Project Avgat (Army’s Own Gati Shakti)

It introduces multi-domain spatial awareness by combining data from different operational domains on a common INDIGIS-Enterprise platform. There will be a gradual operationalization of Project Avgat. The initial phase will integrate logistical inputs, satellite data, topographic inputs, and meteorological inputs. The system was put into use by the end of 2023.

Situational Awareness Module for the Army (SAMA)

Created in partnership with the Bhaskaracharya Institute for Space Applications and Geo-Informatics and the Ministry of Electronics and Information Technology, SAMA is a comprehensive combat information decision support system that combines inputs from all operational and managerial information systems, including ACCCS, BSS, e-Sitrep, and MISO, to give commanders a complete picture of the battlefield.
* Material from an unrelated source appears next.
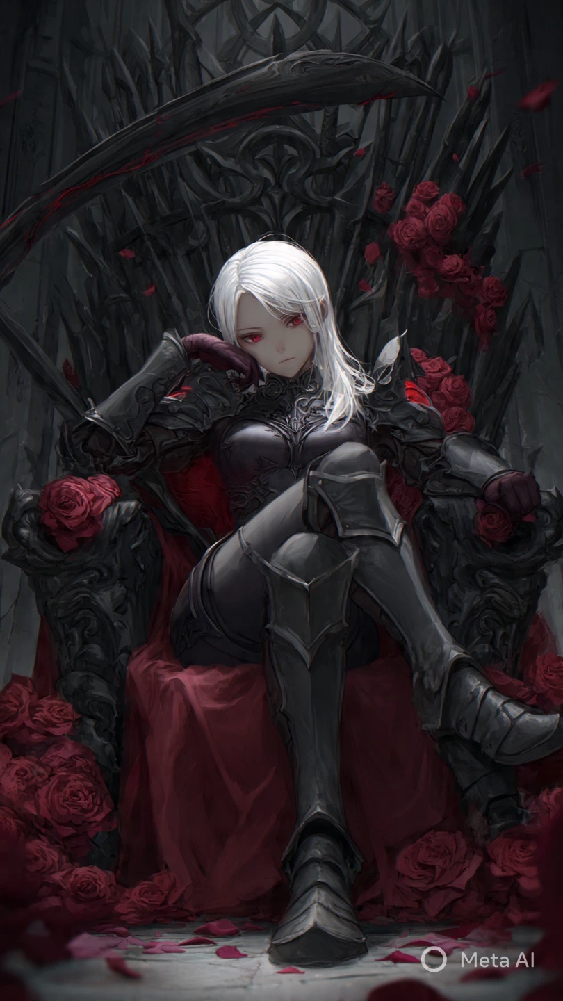 Ravena, The Crimson Empress — Ravena, the Crimson Empress, once ruled hell itself. The crown is gone, but the throne remains a slab of black obsidian she carved in a vast, empty hall she made just for herself. Her armor is darkness laced with red fury, a few roses of blood aura drift from the plates. No helmet. Pale skin, faint lines on her cheek, white hair spilling over her shoulders, eyes pure blood red. She’s bored. Eternity is quiet. Her only amusement is to tear a rip in the air and drag whoever’s on the other side into her hall a soldier, a priest, a thief, sometimes a beast or a child. She doesn’t care who. They beg, they fight, they break. She watches, posture slack, one leg over the other, chin resting on her hand, the other arm draped on the armrest. Behind her leans her giant scythe, pulsing with the same red glow. A few loyal henchmen linger in the shadows, silent witnesses. She doesn’t rule them; she tolerates them. All that matters is the next scream to fill the void.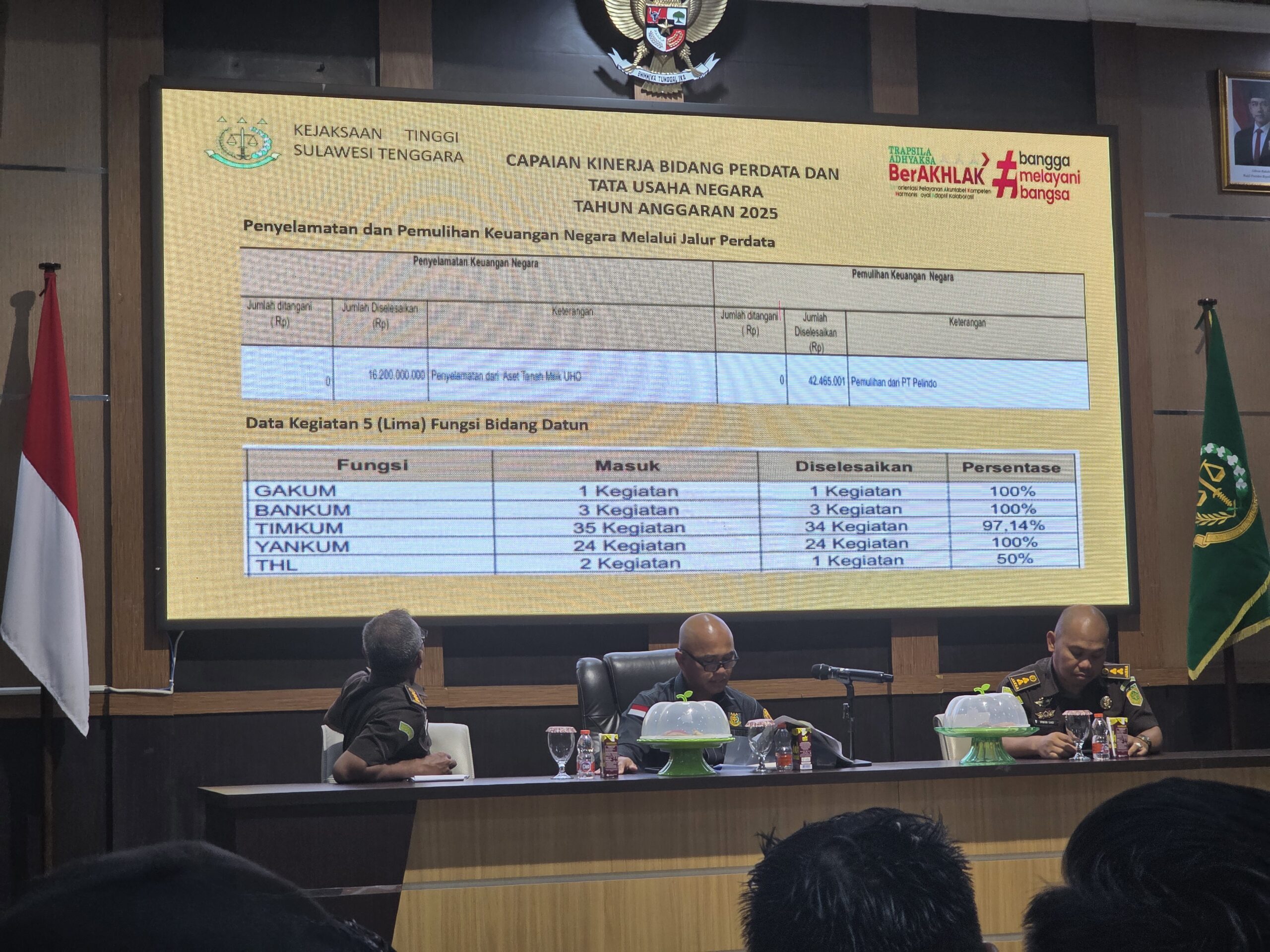 Dalam hal pemulihan aset, Kejati Sultra mencatatkan keberhasilan penyelesaian aset senilai Rp26.481.753.830 melalui jalur lelang, hibah, dan mekanisme lainnya.

It was used for field validation at the corps level in May 2023. SAMA was operationalized first by the Army's Northern Command in June 2023.

Project Anumaan

On November 24, 2022, a memorandum of understanding was signed by the Indian Army to help the National Center for Medium Range Weather Forecasting collect data along the Chinese borders. The Anumaan application for artillery operation was developed to offer accurate weather prediction along high-altitude regions. Additionally, it will support intelligence collection and surveillance. The software will be made available by the Indian Army on May 19, 2023.

== Operational history ==
The upgraded artillery combat and control system Shakti helped the Regiment of Artillery to automate and speed up the firing process during Operation Sindoor in 2025 India–Pakistan conflict. The AI-enabled Meteorological Reporting System, created under Project Anumaan, was fed data from the India Meteorological Department to forecast precise wind speed and other weather parameters up to 200 km inside Pakistan, 48-72 hours in advance. This allowed for planning and accurate targeting using extended range artillery shells. During the operation, the Battlefield Surveillance System, which was created as part of Project Sanjay, was set up along the India–Pakistan border. It made it possible to employ edge AI on the battlefield to process information locally and assist in decision-making without relying on remote servers.

By integrating with Project Sanjay, the Trinetra system improved resource coordination and decision-making by assisting in the creation of a shared operational and intelligence picture at the tactical and operational levels.